Sur quelques jours nous assistons à la naissance d'une relation entre Iliac et un nouveau client qui semble s'être entiché de lui. Les séances scandent la narration, qui peut englober les petites aventures des collègues dans les pièces voisines. Conjointement, nous observons les répercussions de la mort du père d'Iliac, sur celui-ci en apparence tout d'abord peu troublé par ce drame, ainsi que sur sa mère.
Bien que les deux récits soient mêlés, ils ne semblent pas se dérouler exactement dans le même temps. Ce léger décalage est sans doute revendiqué par le cinéaste désireux de laisser son film être guidé par les seules actions et pensées de son personnage principal. Malheureusement, l'alternance souligne plutôt grossièrement son évolution psychologique. Le corps dénudé qu'il masse avec application rappelle celui de son père toiletté à la morgue, corps mort qui va même jusqu'à prendre la place du premier devant nos yeux, un court instant, lors d'une séance.

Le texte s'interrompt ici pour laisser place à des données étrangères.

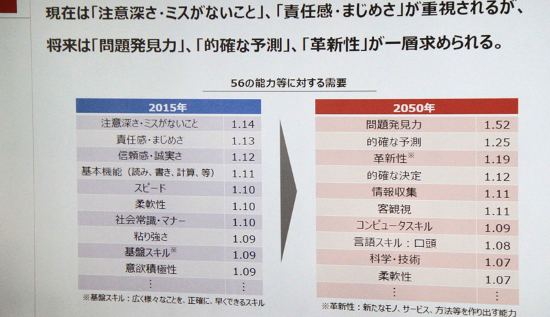 また、将来は「問題発見力」、「的確な予測」、「革新性」が一層求められるというお話もありました。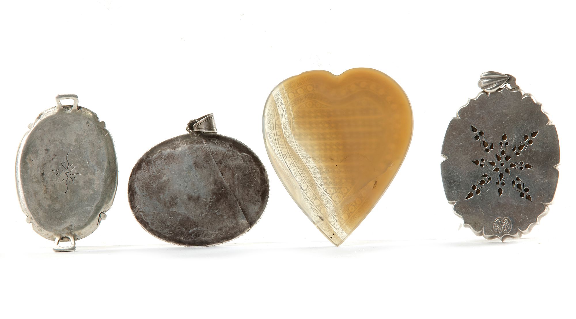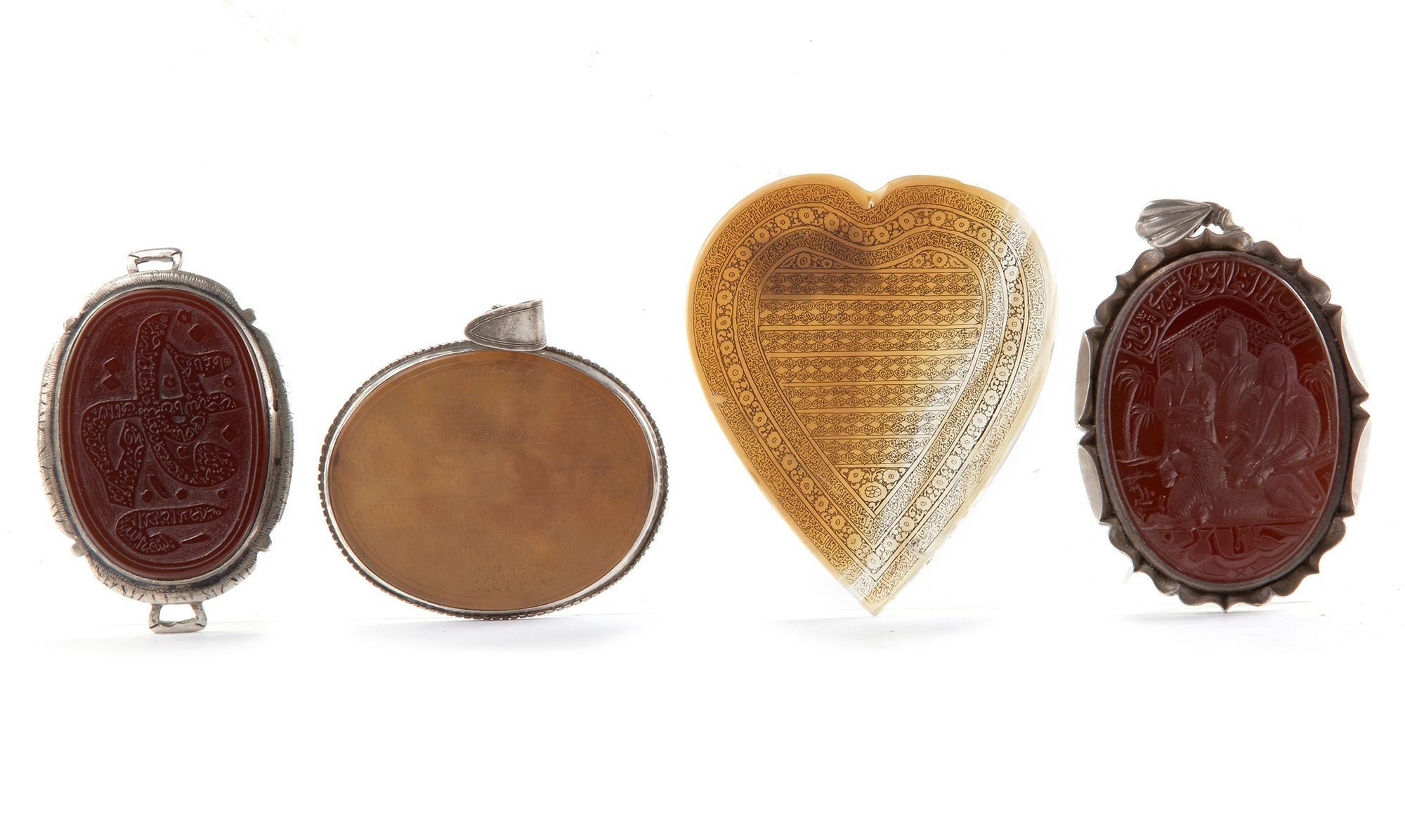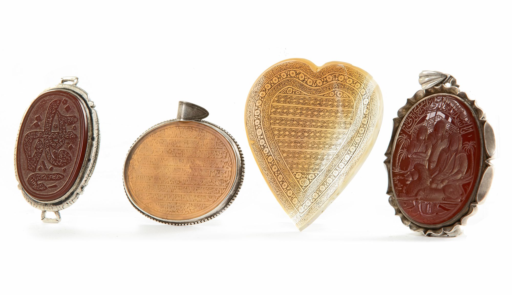 An oval heavy cornelian medallion with silver mounting carved with Imam Ali and his two sons Hasan and Hussein with a lion and an Arabic inscription ‘I am the lion of Allah, I am Ali ibn Abi Talib’. An oval cornelian medallion carved with a large word ‘O, Hafez, safety keeper’ in thuluth script enclosing Quran verse with silver mounting. A heart-shaped agate plaque, inscribed to the centre with the names of Allah in roundels surrounded by tow band of Quran 78 surah Al-Naba 40 verses. An oval cornelian medallion with silver mounting inscribed with Quranic verses, surah Al-Ikhlas, surah Al-Nas and surah Al-Falaq. From left to right: 4.5 by 6 cm., 5 by 6 cm., 6.5 by 8 cm., 5 by 6.5 cm.

Il y a dès lors, chez Iliac, l'ombre d'une culpabilité qui se propage. S'il semble s'accomoder très bien de son activité très particulière, l'émotion qui l'étreint lorsqu'il fouille dans les papiers de son père et, auparavant, ses coups d'œil lancés à une jolie voisine inaccessible peuvent laisser croire qu'il mériterait une autre vie. De façon attendue, le film se termine sur son départ pour un ailleurs non défini.

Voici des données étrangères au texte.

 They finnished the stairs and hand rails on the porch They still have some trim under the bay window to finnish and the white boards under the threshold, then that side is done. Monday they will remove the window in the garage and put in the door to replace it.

Cette fin en annonce d'autres chez Mendoza, de même que le cadre choisi pour l'histoire : un lieu cloisonné et bien délimité mais perméable à toutes les intrusions de l'extérieur, un lieu-miroir de la société. Le style réaliste, l'utilisation surprenante du son (sa densité et les étranges chevauchements d'une séquence à l'autre qu'il permet), la présence d'un acteur, Coco Martin, destiné à revenir régulièrement devant la caméra du cinéaste, les prémisses d'une œuvre : voici ce qui peut susciter l'intérêt devant ce Masseur. Le reste, l'aspect foutraque du montage, les idées de cadrage incongrues (la caméra posée à terre : le point de vue du caniveau ?), les effets superflus et la lourdeur psychologique de certains passages, la répétition narrative et une manière de filmer le sexe qui n'évolue pas sur la durée (elle s'affirme, assez crûment, dès le départ, alors que la relation centrale avance, de ce point de vue, par paliers successifs), m'a laissé pour le moins sceptique quant à la valeur réelle de ce premier essai.